Violetta, Kölner Seite,1985

Violetta, Kölner Seite,1985

La sue Pagine, annunciate nel 1985, tra altre opere, dal Monumento alla Shoah per la Stazione di Bologna, ed esposte alla Biennale veneziana del 1986, sono i primi frutti altissimi della sua prima maturità. Esse mediano la divaricazione estrema tra l’idea di bidimensionalità e la consistenza della materia, i suoi comportamenti, le movenze che la animano, le crescenze capaci di risentire l’urgere e il fluire silenzioso della terra che si dice; proclamano un rapporto dell’autore con il fare che non è controllo ma atteggiamento meditativo, lentezza determinata, sottrazione retorica senz’appelli, auscultazione feroce e amorevole del sentirsi fare; esplorano una formatività impreventiva ma, all’esito, un compimento delucidato e indispensabile.

È un fare che non esiste per dichiararsi, ma un fare che s’interroga poeticamente sul fare, che elegge la terra e la scultura a “patria elettiva” nel senso che all’espressione attribuisce Ernesto De Martino, luogo appropriato di pratiche e di assunzioni simboliche non sempre scrutabili.

Poi viene il tempo secondo, quello in cui Violetta si pone definitivamente, a proposito di formatività, la questione del corpo e della sua intrinseca idea di naturalezza.
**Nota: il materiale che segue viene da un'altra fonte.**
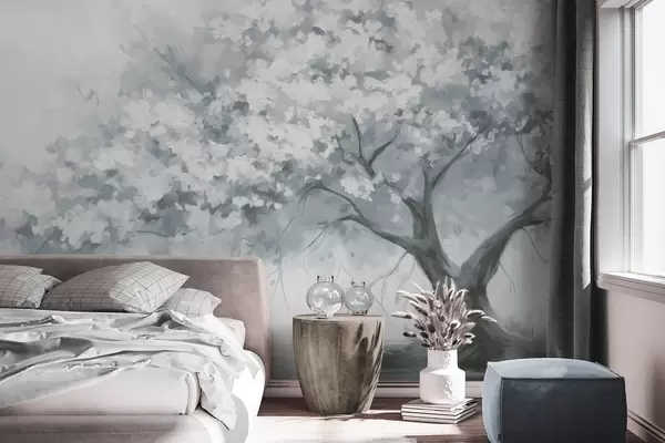 Fotomurales Abstracto árbol en flor azul apagado en plena floración, junto a un río, pinceladas de textura suave y colores pastel Nr. w09193v2

Che è, ben ha insegnato Hans Arp, la ragione sorgiva del primitivismo scultoreo, l’identità fastosamente radiante di una cultura prealfabetica che vede e ripensa l’altro attraverso la sua consistenza fisica, e gli fa scrivere: “Non vogliamo riprodurre, vogliamo produrre. Vogliamo produrre come una pianta che produce un frutto e non riprodurre. Vogliamo produrre direttamente e non transitivamente”.
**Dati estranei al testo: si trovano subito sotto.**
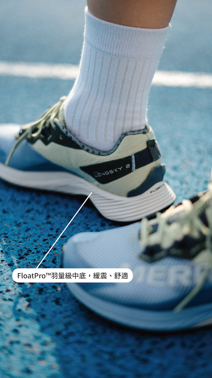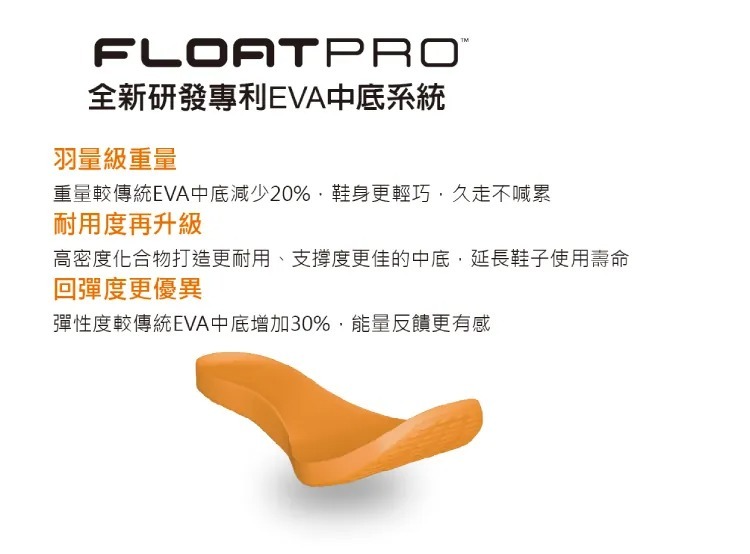 ・FloatPro™羽量級中底,提供持久的輕盈舒適感

I Torsi di Violetta sono fratelli minori, nell’anima, di quelli del grande alsaziano, come, per intenderci, il Torso, 1931, il Torso preadamico, 1938, e l’Omaggio a Rodin, 1938, con cui questi traccia, insieme alla Concrezioni umane, la sua ultima straordinaria esperienza. E dire, giusto per cronaca, che a quel tempo ancora il mondo non conosceva la Venere di Hohle Fels paleolitica e il fasto ambiguo delle incisioni graffite che ne percorrono i volumi, di cui Violetta ha compreso ben in profondo la ragione.

Violetta, Torso, 2015

Violetta, Torso, 2015

Violetta ripensa un primitivo che non sia quello tribale celebrato dalle vulgate dell’avanguardia, bensì quello dei “nativi europei”, che tocca anche lo schema del volto/identità con tutto quanto ciò comporta sul piano del busto come doppio possibile del vivente, o della memoria del vivente, o dell’idea sola di vivente: e d’una bellezza straniata ma viva.

La questione della referenzialità è ridotta, qui, a risonanze formali meravigliate, inglobata nel passo di una crescita della forma che risponda solo a se stessa, al proprio fluente metamorfico esistere nello spazio, coagulandosi in un esemplare momento/pausa della propria sostanza materiale.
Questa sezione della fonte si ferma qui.